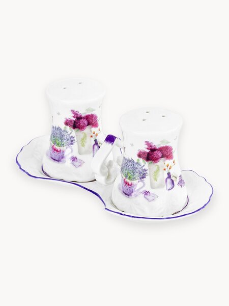 Набор для специй 2 предмета "Лаванда"16,5х9х7,2 см , солонка и перечница - 5,4х5,4х6,7 см 50 мл, на подставке, NEW BONE CHINA
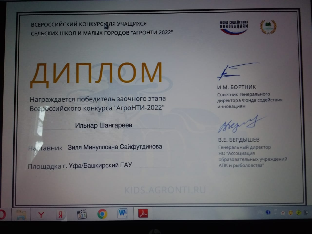 Учащиеся 7 класса Шангареев Ильнар и Кутлуева Индира участвовали во Всероссийском конкурсе для учащихся сельских школ и малых городов «АгроНТИ-2022».
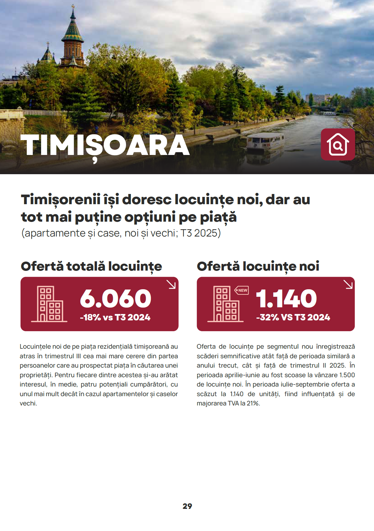 Din raportul detaliat, mai putem afla că oferta locuințelor a scăzut cu 18% față de trimestrul III de anul trecut, fiind 6.060 de locuințe listate pe platformă. Dintre acestea, doar 1.140 sunt noi. Timișoara este al patrulea cel mai scump oraș din țară, cu o medie de 1.845 euro/mp util, fiind înregistrată o creștere de 11% în ultimele 12 luni.
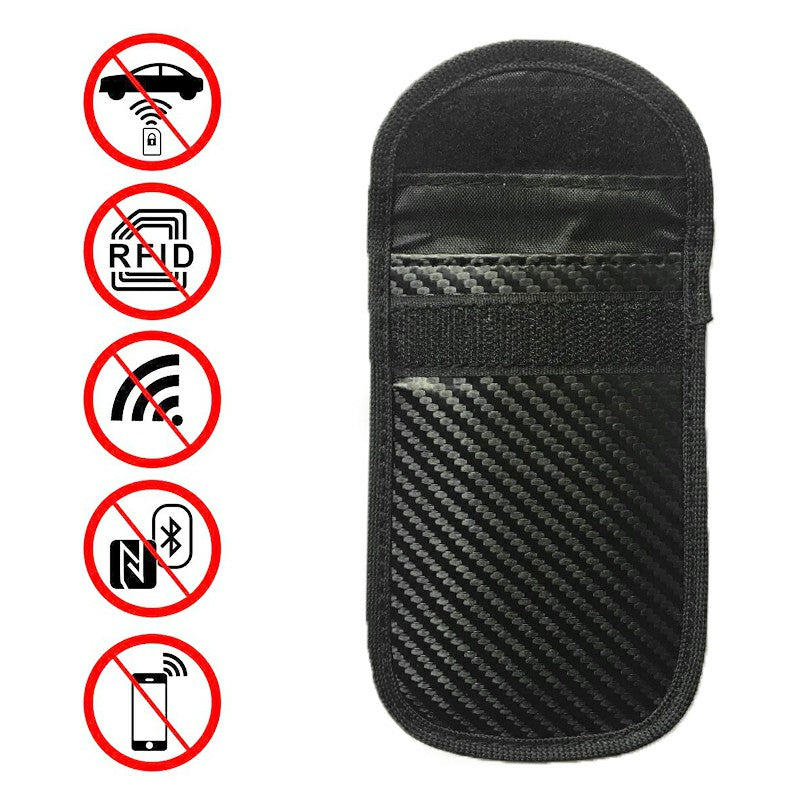 - Protect your vehicle with our key fob pouch which features an inbuilt signal blocking faraday cage lining which prevents RFID information scanning.
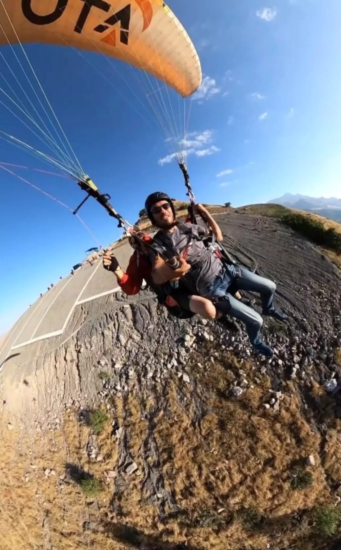 Edinilen bilgiye göre; Talas ilçesinde Ali Dağı’ndan havalanan pilot Emin Gürpınar yönetimindeki paraşütün sol kumanda ipi kalkıştan bir süre sonra düğümlendi. Yolcusuyla beraber havada sorunu tespit eden Gürpınar, sakinliğini koruyarak durumu yolcusuna anlattı. Düğümlenen ipi açmaya çalışmasına rağmen başarısız olan Gürpınar, kalkış yaptığı tepeye yeniden iniş yaptı.
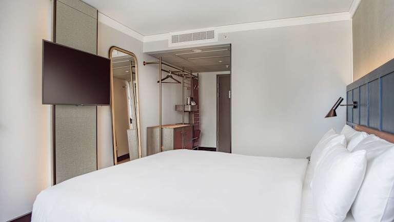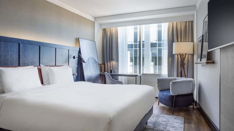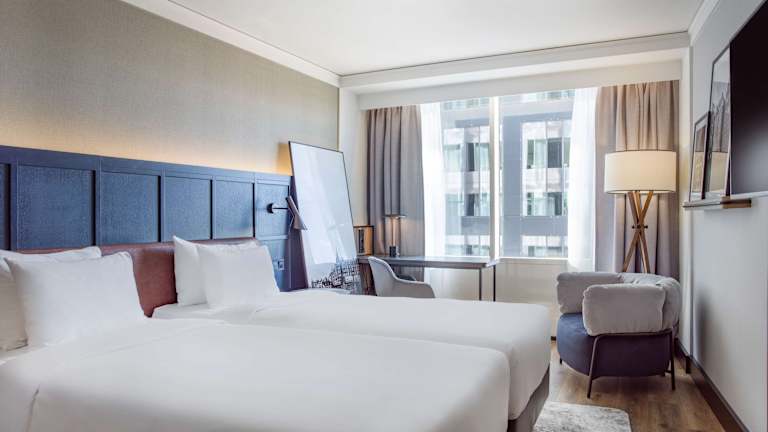 Die modernen Zimmer sind mit einer Klimaanlage, Heizung und einem Doppelbett ausgestattet. Zustellbetten sind auf Anfrage verfügbar. Zur Ausstattung gehören ein Safe, eine Minibar, ein Schreibtisch, ein Minikühlschrank sowie eine Tee-/Kaffeemaschine. Auch ein Bügelset, Telefon und Fernseher sind vorhanden. Die Badezimmer verfügen über eine Dusche sowie eine Badewanne und bieten Kosmetikartikel, einen Haartrockner und einen Kosmetikspiegel. Es stehen Familien-, Nichtraucher- und Raucherzimmer zur Verfügung.
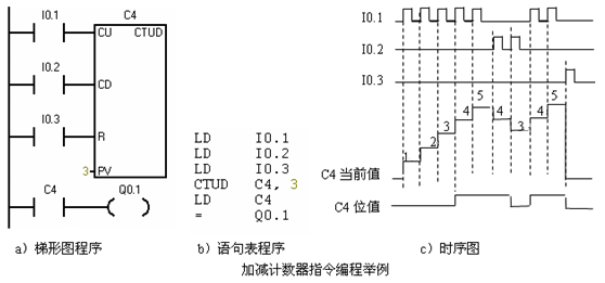 CTUD Cxxx,PV 在加計數(shù)脈沖輸入CU的上升沿,計數(shù)器的當前值加1,在減計數(shù)脈沖輸入CD的上升沿,計數(shù)器的當前值減1,當前值大于等于設(shè)定值PV時,計數(shù)器位被置位。若復位輸入R為ON時或?qū)τ嫈?shù)器執(zhí)行復位指令R時,計數(shù)器被復位
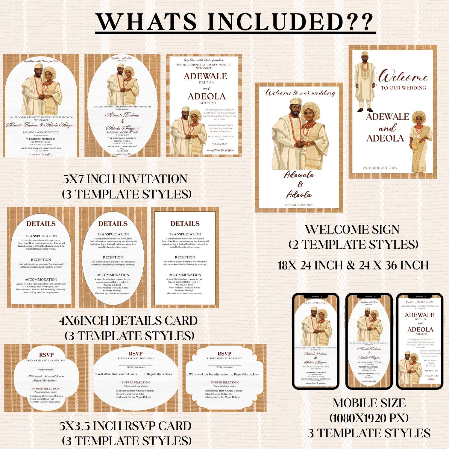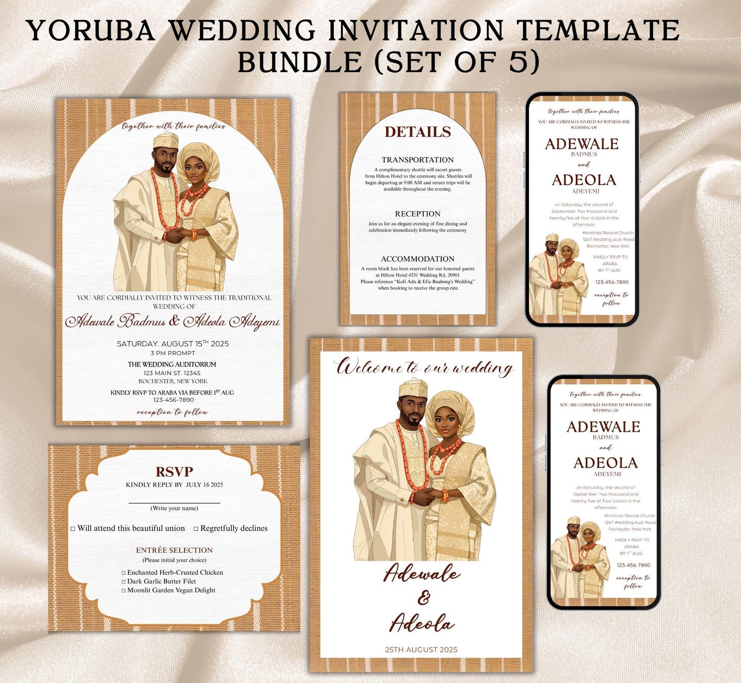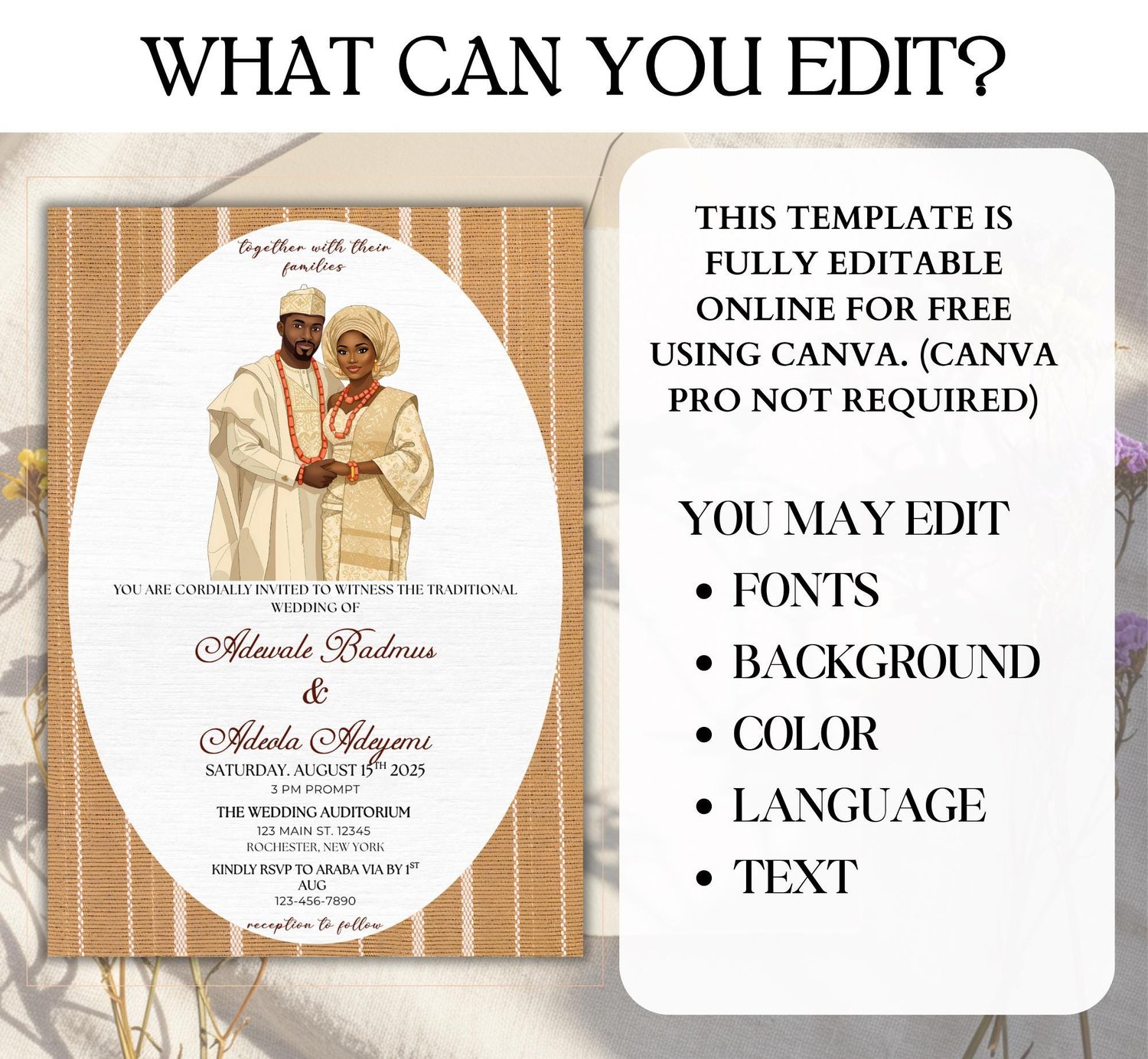 Yoruba Wedding Invitation Template: Nigerian Owambe, African Theme (Canva Editable, Digital Download)
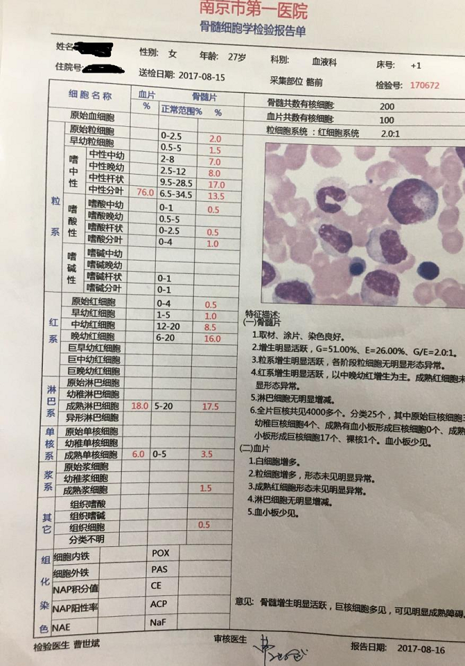 B 超显示没有脾大。在南京市第一医院住院期间做了骨穿,化验结果巨核细胞 4000.我表示震惊, 一般巨核细胞到二三百就比较严重了,再严重的能到五百,是我们的病严重到这个程度?医生化验错误?而且化验存在明显的程序错误,检验人和复核人竟然是同一个人!!!在南京市第一医院住院十天,输血小板 2 次,每次都能升高 6.但血小板最高也不过 12.住院期间极易感冒。
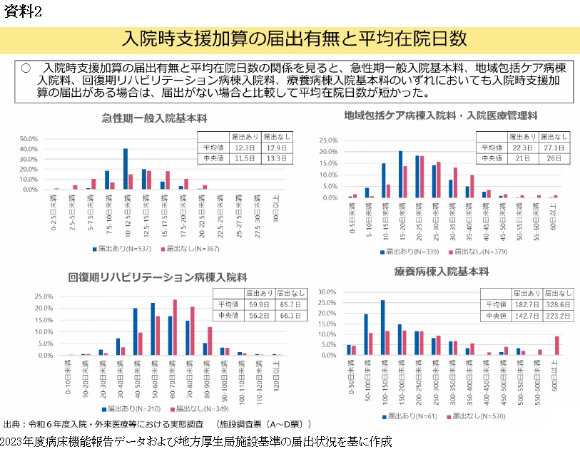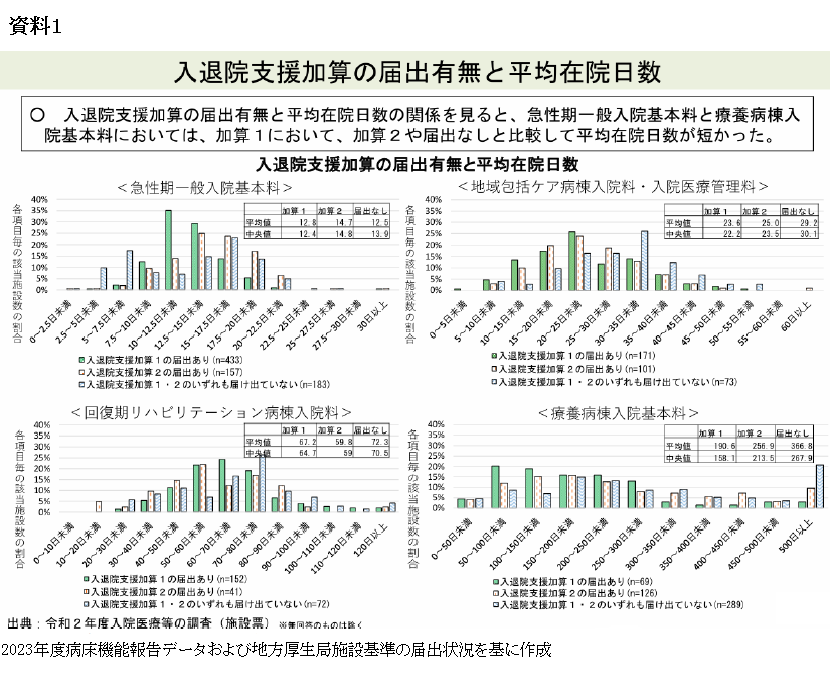 資料1は、20年度の改定を議論した際の資料だ。入退院支援加算の届け出の有無による平均在院日数の差異を見たもので、入退院支援加算1の届け出がある医療機関で平均在院日数が短いことが分かる。中央社会保険医療協議会の「入院・外来医療等の調査・評価分科会」が26年度改定に向けて議論を始めた際の資料でも入院時支援加算の届け出の有無によって平均在院日数に違いがあることが明らかになっている=資料2=。
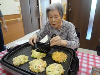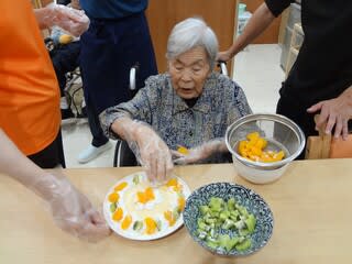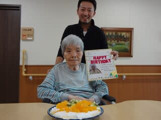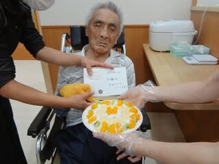 いわしみずでは誕生会を開き、ケーキも入居者様に作って頂きました。
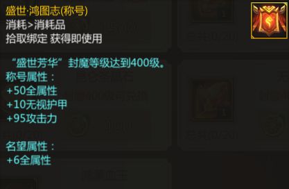 当大家封魔等级达到400级时,可以获得称号盛世·鸿图志(称号)。
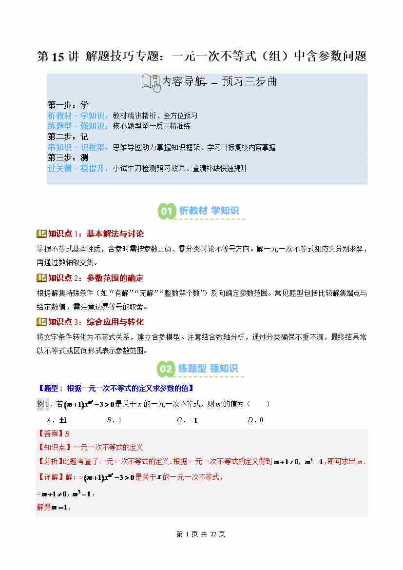 首页 > 全部 > 寒假讲义 > ②寒假预习-第15讲 解题技巧专题:一元一次不等式(组)中含参数问题(3知识点7大题型过关测)(教师版)-2026年八年级数学寒假衔接讲练 (北师大版-新教材)
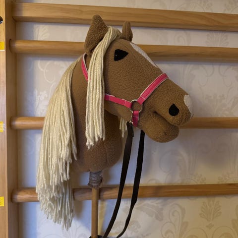 Taikakepparista ostettu keppihevonen (uuden hinta ollut 135eur). Myydään keppi paikallaan ja kuvan varusteilla. Pieni himmeä likatahra, saattaa lähteä puhdistamalla kokonaan pois - näkyy kuvassa.
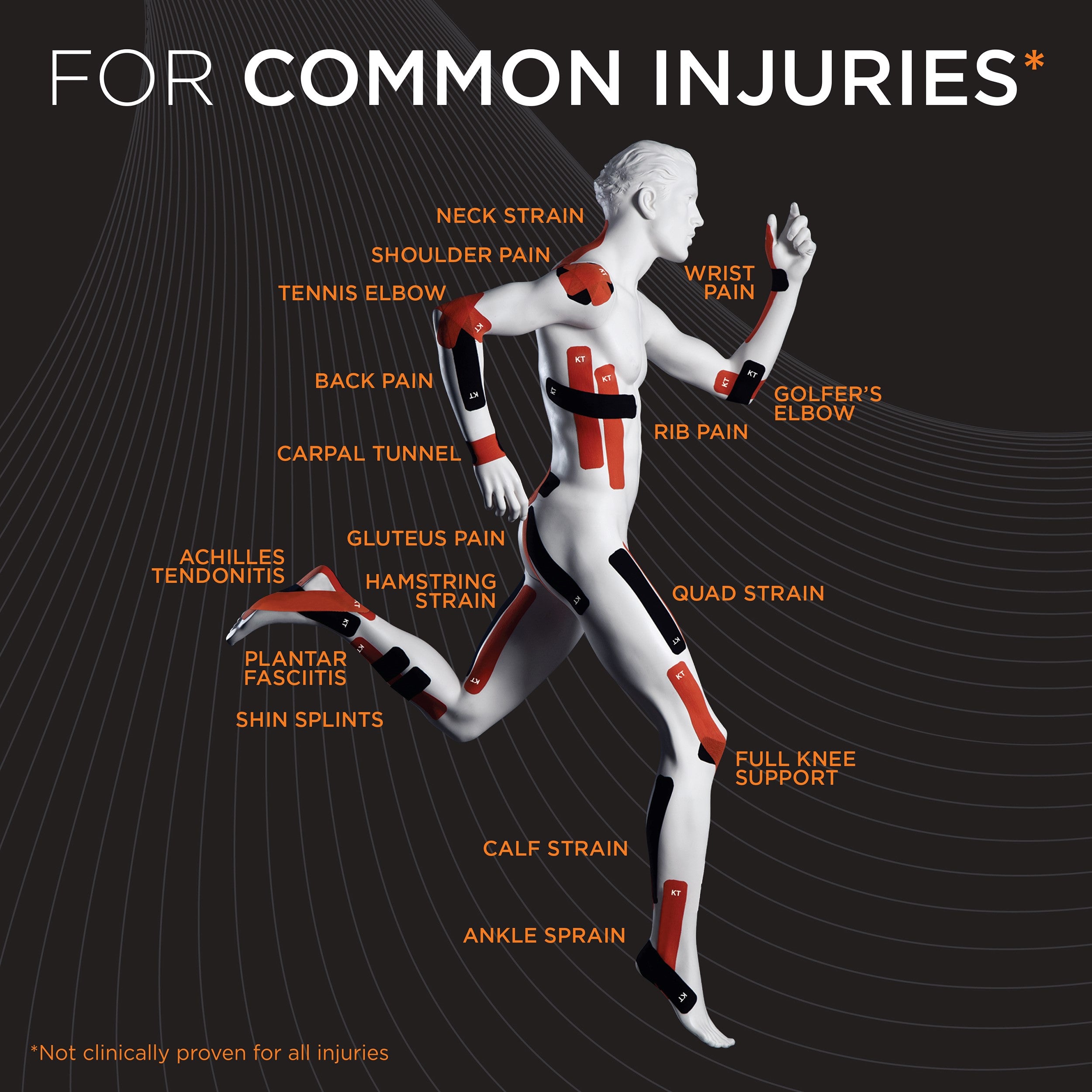 KT Tape Pro™ features a much longer elastic core which delivers better support for muscles, joints and tendons without restricting comfort and range of motion.
____
Aim of the task:
With pictures omitted, repeat the entries above word for word from the line holding "Die modernen Zimmer" down to the line holding "首页 > 全部 > 寒假讲义", keeping both of those lines.

Result of this exercise:
 Die modernen Zimmer sind mit einer Klimaanlage, Heizung und einem Doppelbett ausgestattet. Zustellbetten sind auf Anfrage verfügbar. Zur Ausstattung gehören ein Safe, eine Minibar, ein Schreibtisch, ein Minikühlschrank sowie eine Tee-/Kaffeemaschine. Auch ein Bügelset, Telefon und Fernseher sind vorhanden. Die Badezimmer verfügen über eine Dusche sowie eine Badewanne und bieten Kosmetikartikel, einen Haartrockner und einen Kosmetikspiegel. Es stehen Familien-, Nichtraucher- und Raucherzimmer zur Verfügung.
 CTUD Cxxx,PV 在加計數(shù)脈沖輸入CU的上升沿,計數(shù)器的當前值加1,在減計數(shù)脈沖輸入CD的上升沿,計數(shù)器的當前值減1,當前值大于等于設(shè)定值PV時,計數(shù)器位被置位。若復位輸入R為ON時或?qū)τ嫈?shù)器執(zhí)行復位指令R時,計數(shù)器被復位
 Yoruba Wedding Invitation Template: Nigerian Owambe, African Theme (Canva Editable, Digital Download)
 B 超显示没有脾大。在南京市第一医院住院期间做了骨穿,化验结果巨核细胞 4000.我表示震惊, 一般巨核细胞到二三百就比较严重了,再严重的能到五百,是我们的病严重到这个程度?医生化验错误?而且化验存在明显的程序错误,检验人和复核人竟然是同一个人!!!在南京市第一医院住院十天,输血小板 2 次,每次都能升高 6.但血小板最高也不过 12.住院期间极易感冒。
 資料1は、20年度の改定を議論した際の資料だ。入退院支援加算の届け出の有無による平均在院日数の差異を見たもので、入退院支援加算1の届け出がある医療機関で平均在院日数が短いことが分かる。中央社会保険医療協議会の「入院・外来医療等の調査・評価分科会」が26年度改定に向けて議論を始めた際の資料でも入院時支援加算の届け出の有無によって平均在院日数に違いがあることが明らかになっている=資料2=。
 いわしみずでは誕生会を開き、ケーキも入居者様に作って頂きました。
 当大家封魔等级达到400级时,可以获得称号盛世·鸿图志(称号)。
 首页 > 全部 > 寒假讲义 > ②寒假预习-第15讲 解题技巧专题:一元一次不等式(组)中含参数问题(3知识点7大题型过关测)(教师版)-2026年八年级数学寒假衔接讲练 (北师大版-新教材)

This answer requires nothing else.